I encountered these same exact same problems on every other Dutton Vocalion disk I've gotten. It sounds nice and clean in the middle frequencies, but there are steep rolloffs on the top and bottom, as if I was playing them on bookshelf speakers, not full range speakers with a subwoofer. I thought it might be just the Mancini and Cramer albums since they were among the first SACDs Dutton Vocalion produced, but now more than a year later, I just got two new releases and they have the same problems. Perhaps they might sound OK on headphones or on little bookshelf speakers, but on a good system it sounds really bad.

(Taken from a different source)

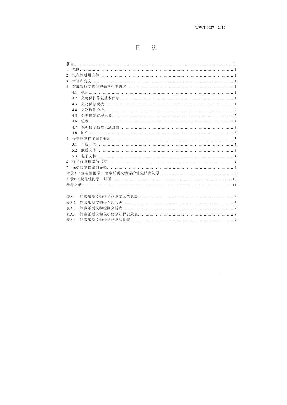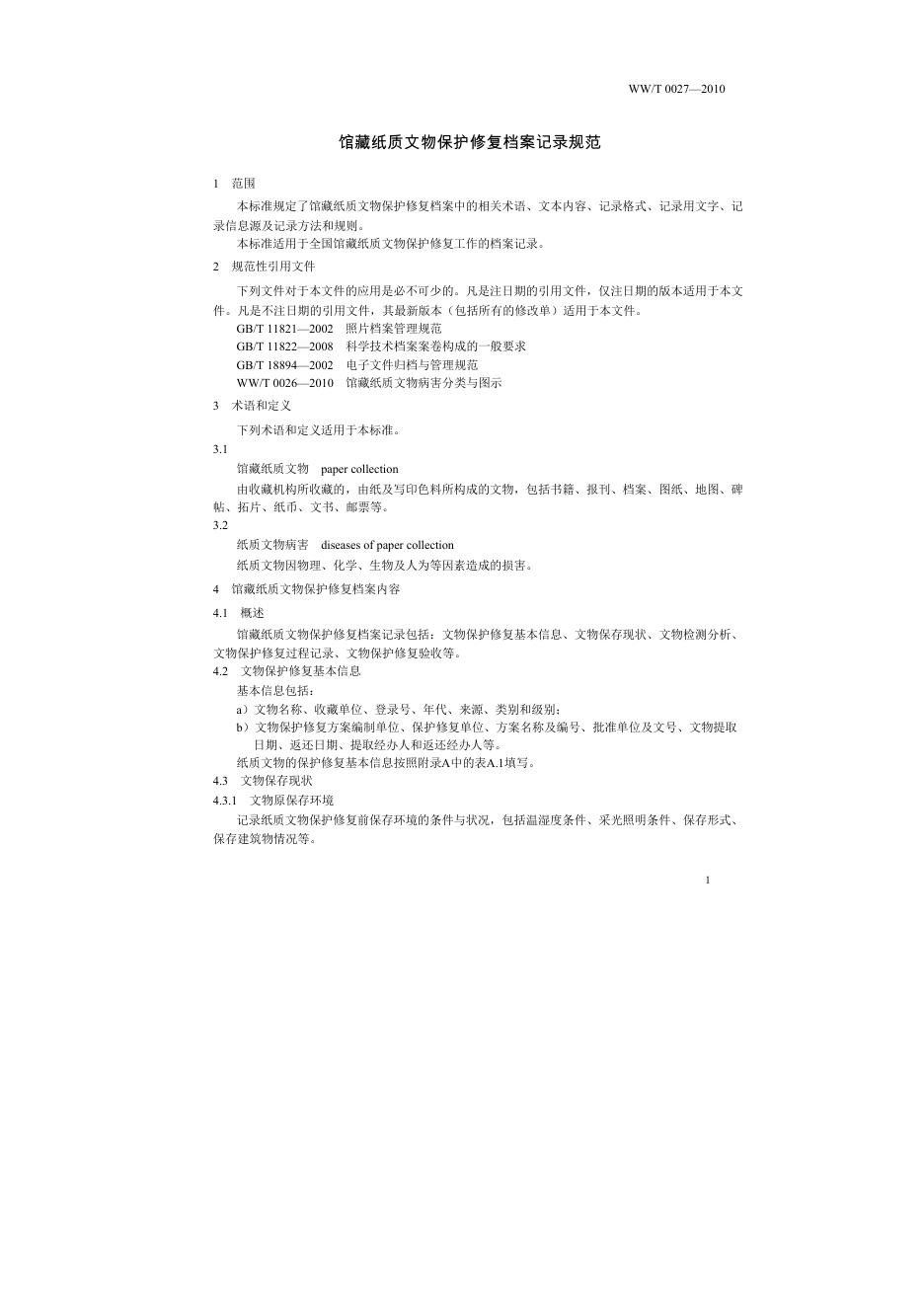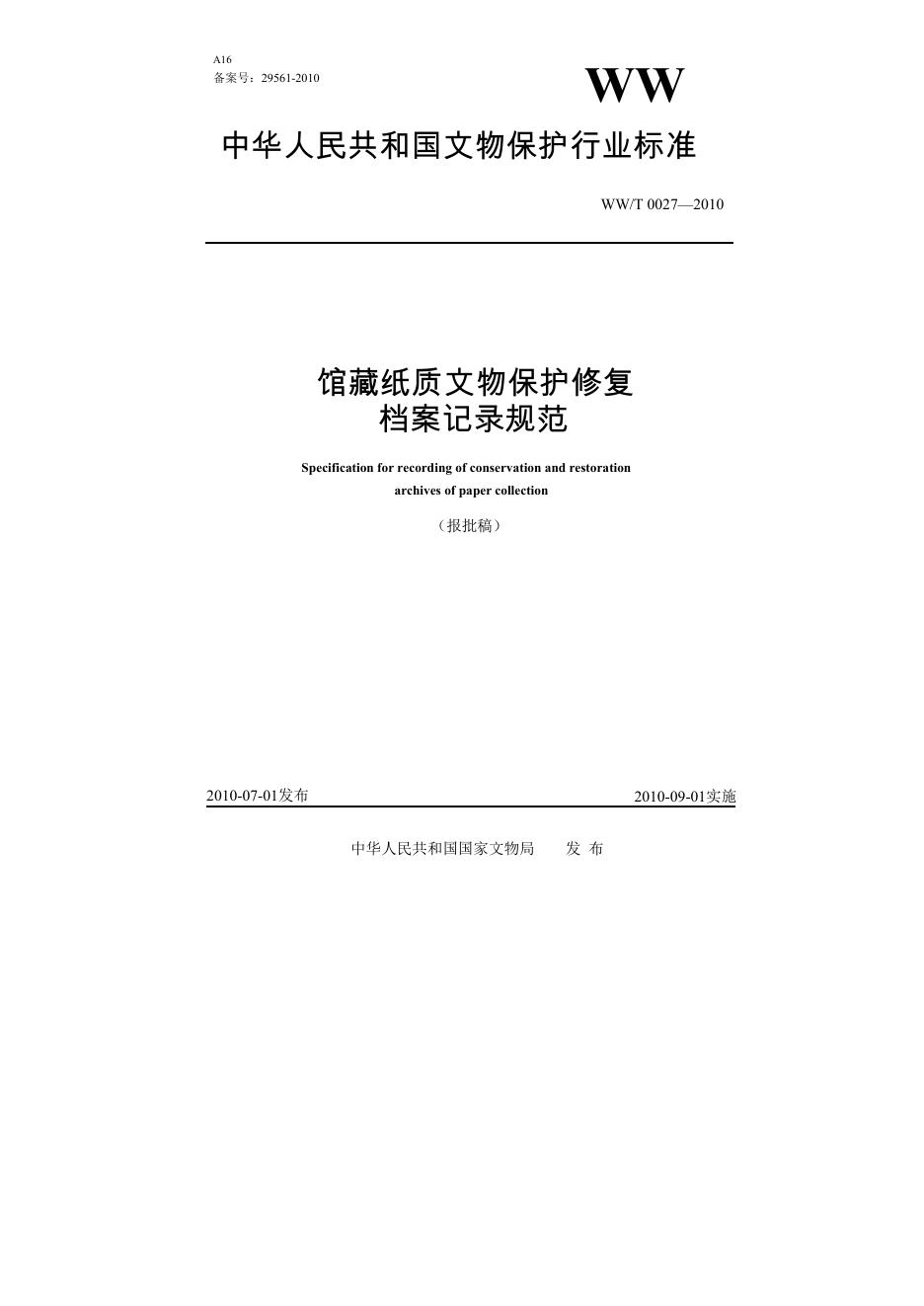 WW/T 0027-2010 馆藏纸质文物保护修复档案记录规范

Just letting everyone know. if you see stuff you like on the Dutton label, try one and see what you think before you go ordering a bunch from England. Caveat emptor.


----------



## Bulldog (Nov 21, 2013)

I've been pleased with the Dutton discs I have acquired; they were all newly recorded - Taneyev and a group of British composers from the early 20th century.


----------



## bigshot (Nov 22, 2011)

Maybe it's just the reissues that have the problem. Do you have a subwoofer? If so could you do me a favor and boost the level of the sub up and see if the bass changes? With all of my SACDs, there's no sub bass at all. Everything is chopped off below 80Hz

I probably wouldn't notice this if I didn't have full range speakers, but what's the point of putting something on an SACD and then not even having a response that covers the range of human hearing?


----------



## Bulldog (Nov 21, 2013)

I've got speakers that sound good to me; that's about it.


----------



## bigshot (Nov 22, 2011)

I'm trying to determine if there is an LFE channel on the disc. There is one on all of my discs, but it's empty and the mains are rolled off at 80Hz, presumably because they intended to include an LFE channel.


----------



## bigshot (Nov 22, 2011)

I went back and thoroughly checked the Stokowski Bach Transcriptions. It's four channel quad with no LFE track. There is very little there below 80Hz. It messes up the transcription of the organ pedals. I also noted that little fills have been added to the rear channels as overdubs. There is a flute solo in Komm Susser Tod that isn't on the CD release. I guess they punched in and spiced up the stuff for surround. It definitely doesn't sound as good as the CD though.

I did find one Dutton SACD in the batch I bought that has first class sound and a great quad mix. But it's TV show theme songs from the 70s by Ray Davies, it isn't classical. I'm going to be very cautious if I buy from Dutton in the future. Five duds and one good one isn't very good odds.


----------